Они начали переписываться регулярно. Он предложил ей приехать в Тунис — ради света, ради покоя, ради пустыни. Он напомнил ей о Делакруа и его «Алжирских женщинах», о том, как эта картина вдохновила Матисса и Пикассо. Рассказал ей о поселении художников в Хаммамете, где работали Пауль Клее, Август Макке и Луи Муайе. Она написала в ответ, что приедет как только сможет. Ей снился Ален на фоне дикого пустынного пейзажа с развалинами Карфагена. Он скакал на белом коне.
В том письме странным был не только сон. Почерк тоже был необычным: то прямым и четким, то косым, судорожным, почти неразборчивым. Иногда он менялся посреди предложения.
Она попросила его прислать свою фотографию, чтобы напомнить, сказала она, как он красив. Он решил послать снимок ирисунок, автопортрет, сделанный с помощью зеркала. Но сестры, увидев набросок, сказали, что на нем он похож на книжного червя и совсем немужественен. Так что Ален послал только снимок.
Он подумывал признаться ей в любви, но на бумаге это выходило неубедительно и жалобно. Он решил, что ей все равно, наверное, не понравится. Любовь — чертовски обычная штука и совершенно банальная в парижском контексте. Посети Лувр, заберись на Эйфелеву башню, посиди в кафе, влюбись. Кто угодно мог все это проделать, и ведь тысячи проделывали. Но не каждый мог открыть мир взмахом кисти.

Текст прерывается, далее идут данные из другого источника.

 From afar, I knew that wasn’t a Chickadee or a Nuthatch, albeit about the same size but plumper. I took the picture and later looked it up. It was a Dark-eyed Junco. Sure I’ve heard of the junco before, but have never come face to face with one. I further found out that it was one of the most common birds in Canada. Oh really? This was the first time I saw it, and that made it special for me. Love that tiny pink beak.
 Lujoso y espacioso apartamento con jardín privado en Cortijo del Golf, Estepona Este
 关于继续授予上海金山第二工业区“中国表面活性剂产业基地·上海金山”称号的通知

Когда он вернулся, Монпарнас был другим. Все изменилось. На вокзале Ален отправился на поиски свежего номера «Пари-Монпарнас», только чтобы узнать, что журнал закрыли. Брока, издатель, был влюблен в Кики, и ревность довела его до безумия. Больше не было костюмированных балов и эстрадных выступлений знаменитых художников. Большинство звезд исчезло с небосклона. Великий коллекционер Жак Дусе умер. Жюль Паскин удавился галстуком на дверной ручке. Фудзиту обвинили в уклонении от налогов, и он бежал в Японию. Остальные художники переехали в деревню или на окраины. В барах и кафе оставались одни туристы, да и тех было меньше, чем когда-либо.
Луи никуда не делся, работал на кухне в «Отель-дез-Эколь». Он даже нашел себе агента, но пока не продал ни одной картины. Работа занимает все свободное время, жаловался он. Он не может позволить себе студию, а писать в каморке, которую он снимает, тяжело: соседи вечно шумят. Ален посоветовал ему перебраться в Тунис, ведь там можно жить на сущие гроши. Когда он рассказал, что Зоя обещала приехать туда, у Луи челюсть отвисла от удивления.

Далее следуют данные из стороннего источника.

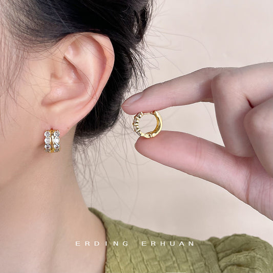 C廠【4519】升級版鍍18K真金加厚微鑲鋯石圓形幾何重工質感耳扣通勤圓形耳飾 24.07-2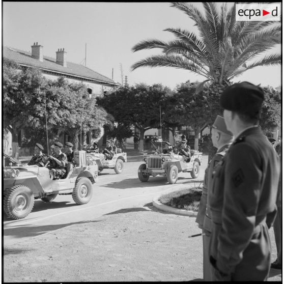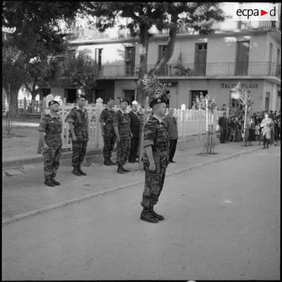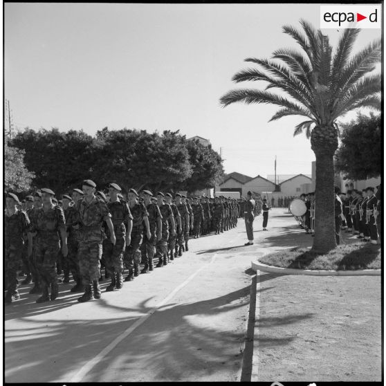 Défilé à pied du 2e régiment de parachutistes coloniaux (RPC) dans une rue de Koléa.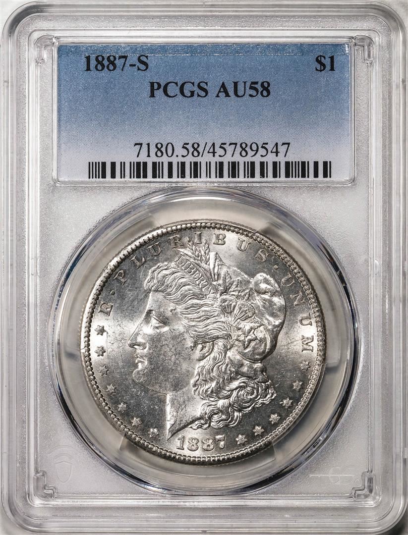 One 1887-S $1 Morgan Silver Dollar Coin PCGS AU58. PCGS Graded.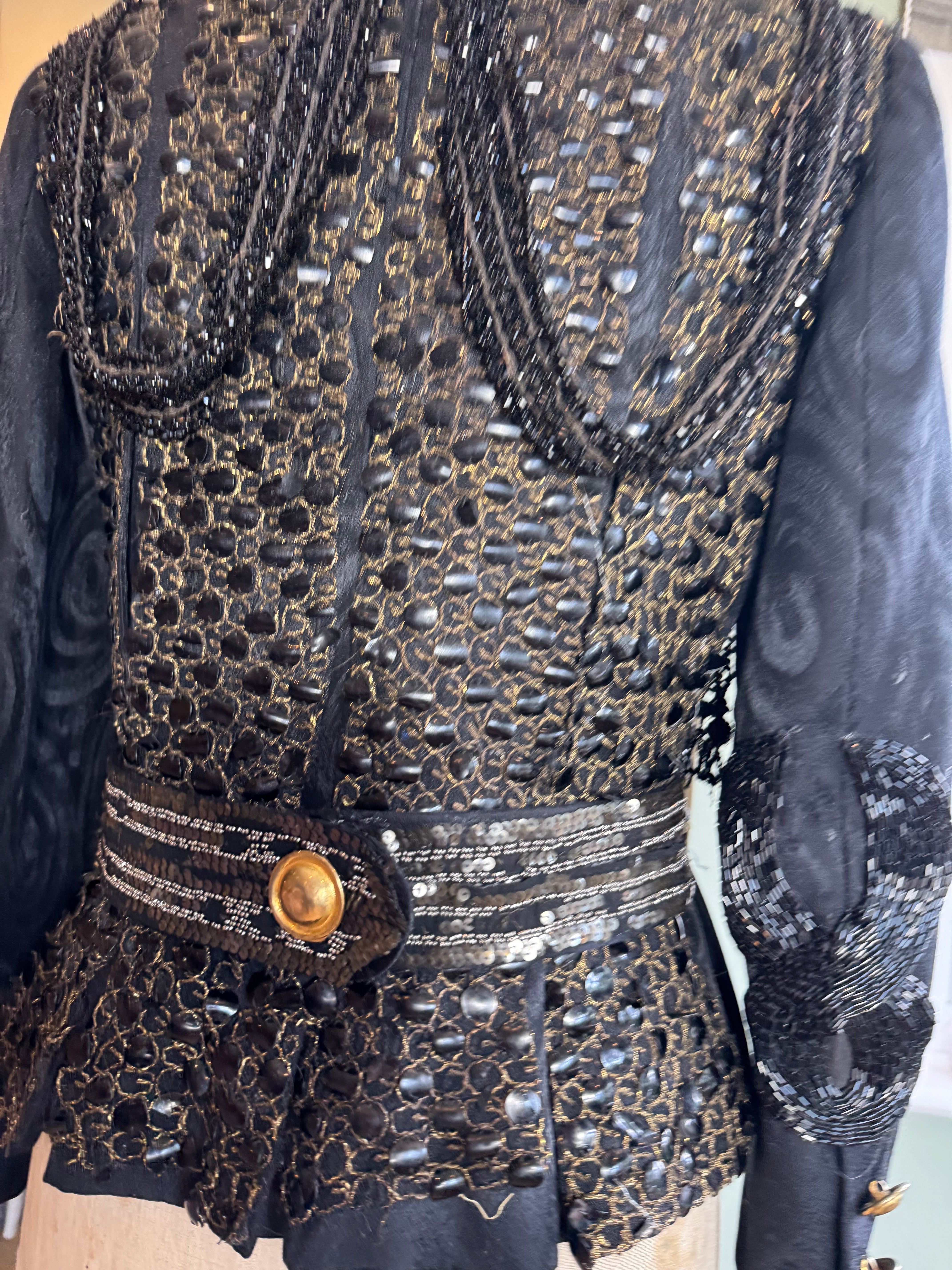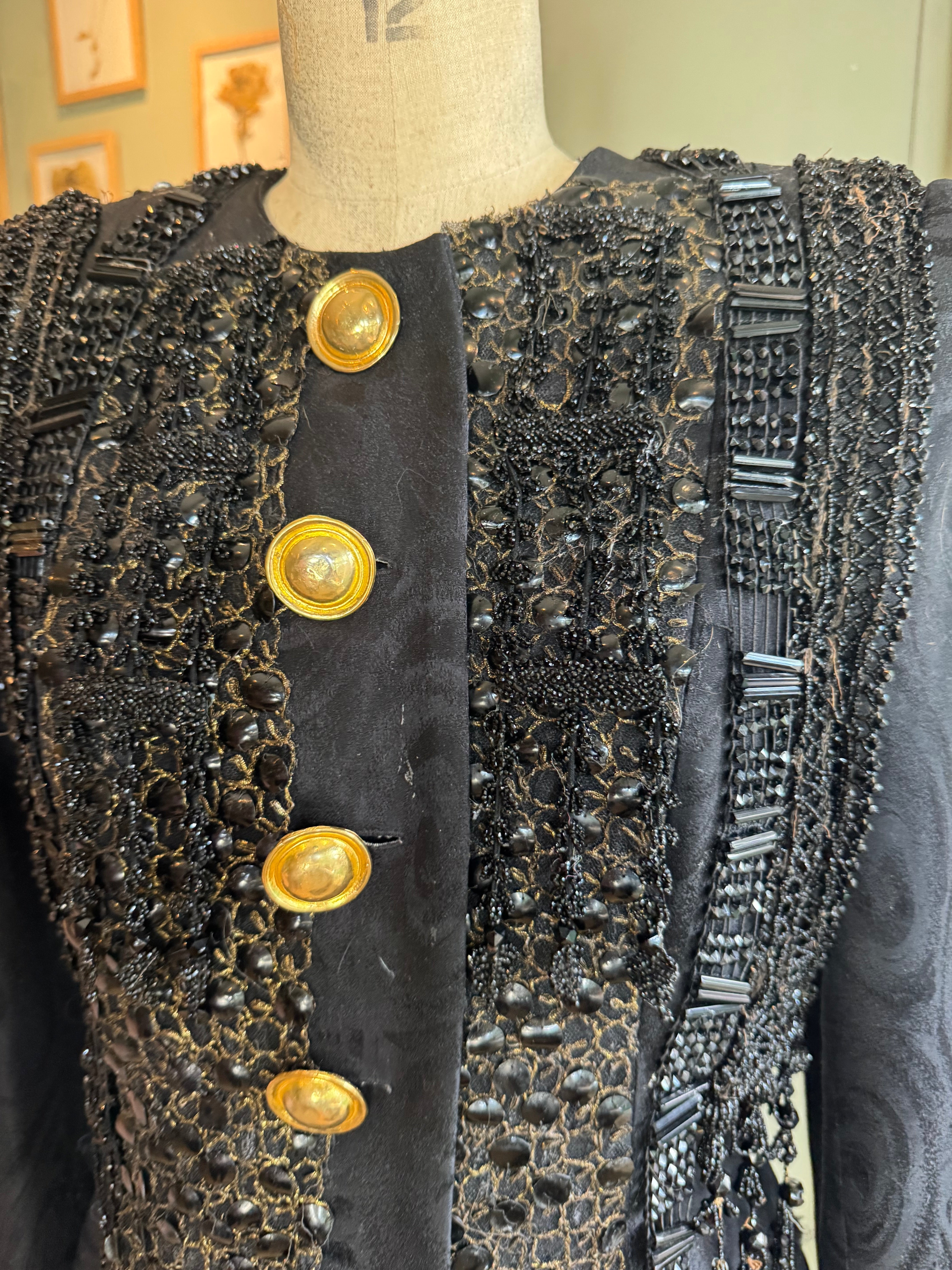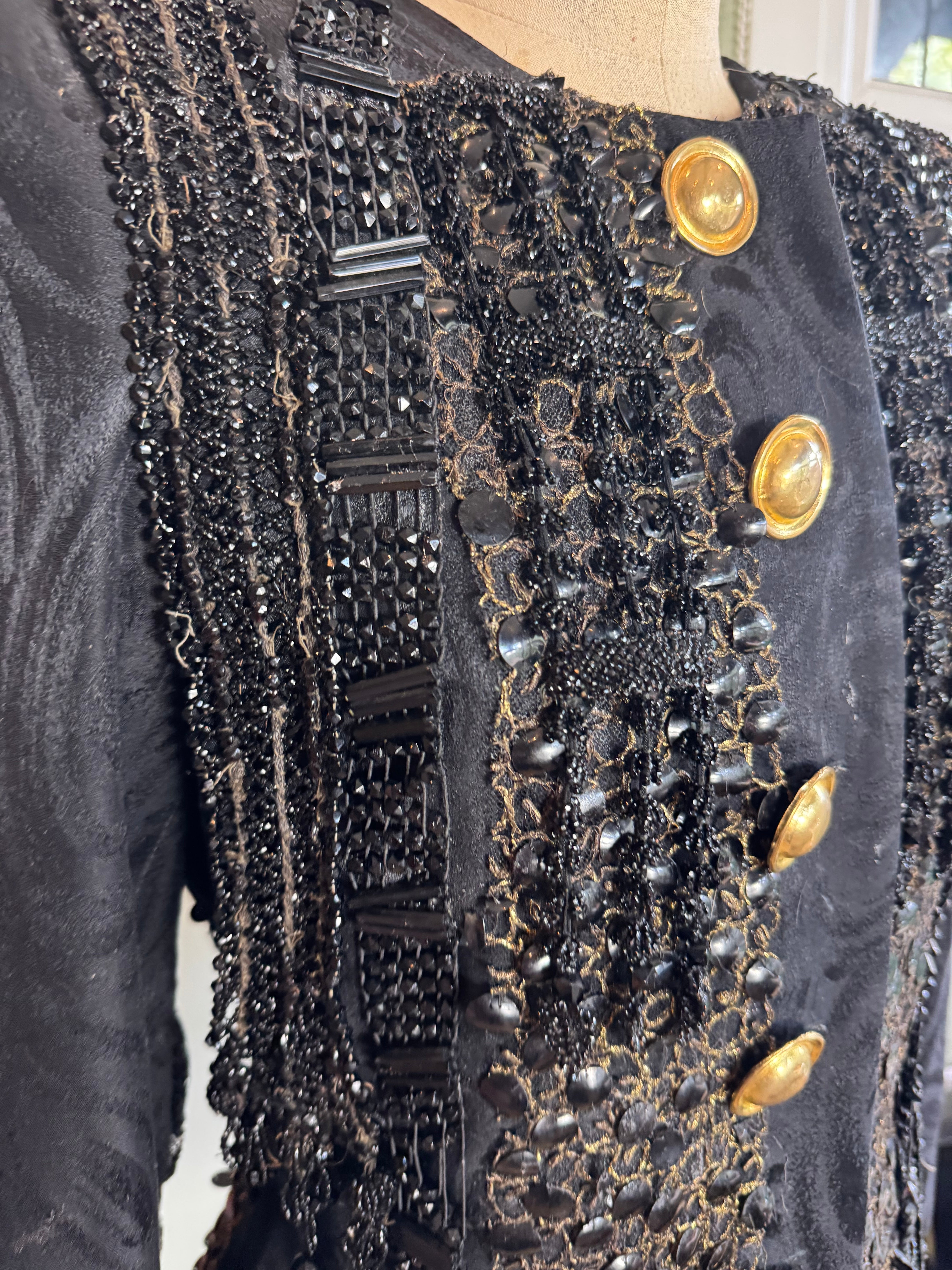 Kooki, 80s fitted silk brocade jacket with 20s jet beading

Он вернулся в Академию Поля Рансона. Написал Зое, что ждет ее. Письмо ее, пришедшее после долгой паузы, было по-прежнему полно нежности, однако в нем сквозила растерянность и печаль. Она писала, что ее жизнь в Швеции стала непростой. Она не знала, когда сможет выбраться в Париж, сказала, что прошлое сводит ее с ума, если уже не свело. Лучше ему забыть о ней.
Ален умел читать между строк. Зоя тоже покинула Париж. Монпарнас больше не был сообществом. Он превратился в диаспору. Но это не значило, что община прекратила свое существование, она по-прежнему была здесь, со своим особым языком и разговорами, просто стала еще более закрытой и неприступной, чем раньше.
Он написал в ответ, что не может забыть и что если ее жизнь сложна, она просто должна вспомнить, что для нее важно, и сосредоточиться на этом. Он написал, что им судьбой предначертано быть вместе. Если она будет помнить об этом, то сумеет забыть обо всем остальном. Опасно было говорить так — все равно что признаваться в любви, хотя он умудрился избежать самого слова. Но рискнуть стоило. Он бросил письмо в почтовый ящик на бульваре Монпарнас, думая, что, по всей вероятности, никогда больше не получит весточки от Зои.
Она приехала в Тунис в ноябре, почти через год после их первой встречи. Облачившись в льняной костюм и новую шляпу, Ален поспешил в город. Жаркий влажный день клонился к вечеру, ветер дул из пустыни, солнце алело за пеленой пыли. Он купил Зое цветы граната и лилии с бледными кремовыми лепестками.
Он остановился на углу авеню Жюля Ферри, достал из кармана флакон одеколона и освежил шею. Он не осмелился проделать это дома. Зоя была замужней женщиной — замужней иразведенной. Даже наряжаться было довольно опасно. Он приготовил несколько объяснений, на случай если кто-нибудь поинтересуется, куда он собрался, но обман может раскрыться, даже если соврешь гладко.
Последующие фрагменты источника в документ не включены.